▶ [Data excerpt]:

+ + +

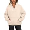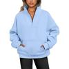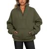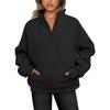 Women's Sweatshirt Stand Collar Solid Color Fashion Pocket Zipper Tops Casual Loose Fleece Ribbed Pullover
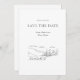 Enkel utformning i bröllop sparar datumkortet som inspirerats av berg och hästar
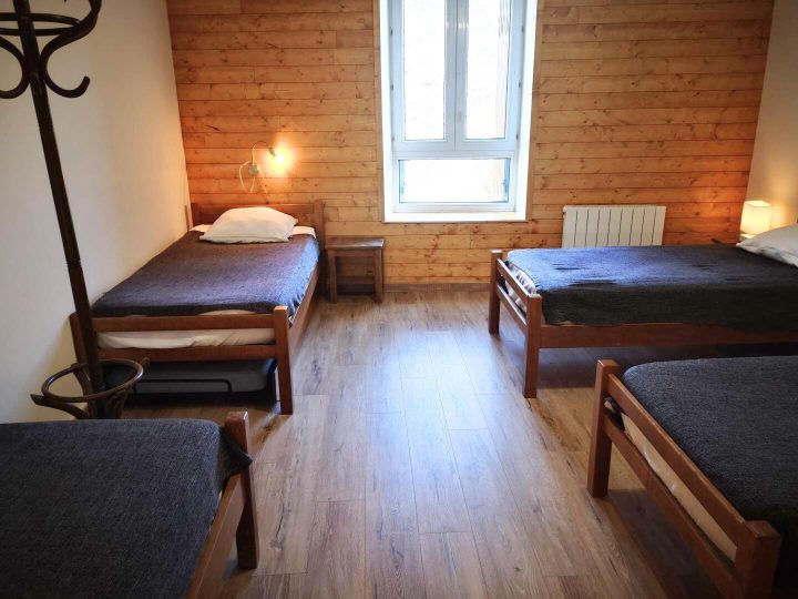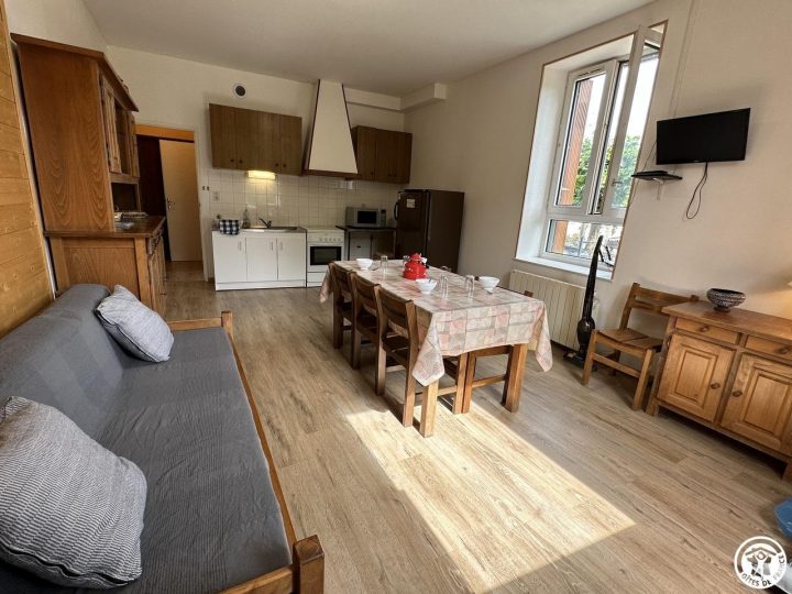 Cette location de vacances (rénovée sols et murs début 2024) se compose d'un vaste séjour avec un coin cuisine tout équipé et un canapé pour des moments de détente après vos escapades. Il dispose de deux chambres : l'une avec quatre lits simples (90x190), parfaite pour les familles ou les groupes d'amis, et l'autre avec un lit double (140x190). Une salle de bain et des toilettes séparées complètent cet espace, conçu pour votre confort.

+ + +

▶ [Work required]: Would you write out all of the data exactly as it stands, without the pictures?

▶ [Task result]:
 Women's Sweatshirt Stand Collar Solid Color Fashion Pocket Zipper Tops Casual Loose Fleece Ribbed Pullover
 Enkel utformning i bröllop sparar datumkortet som inspirerats av berg och hästar
 Cette location de vacances (rénovée sols et murs début 2024) se compose d'un vaste séjour avec un coin cuisine tout équipé et un canapé pour des moments de détente après vos escapades. Il dispose de deux chambres : l'une avec quatre lits simples (90x190), parfaite pour les familles ou les groupes d'amis, et l'autre avec un lit double (140x190). Une salle de bain et des toilettes séparées complètent cet espace, conçu pour votre confort.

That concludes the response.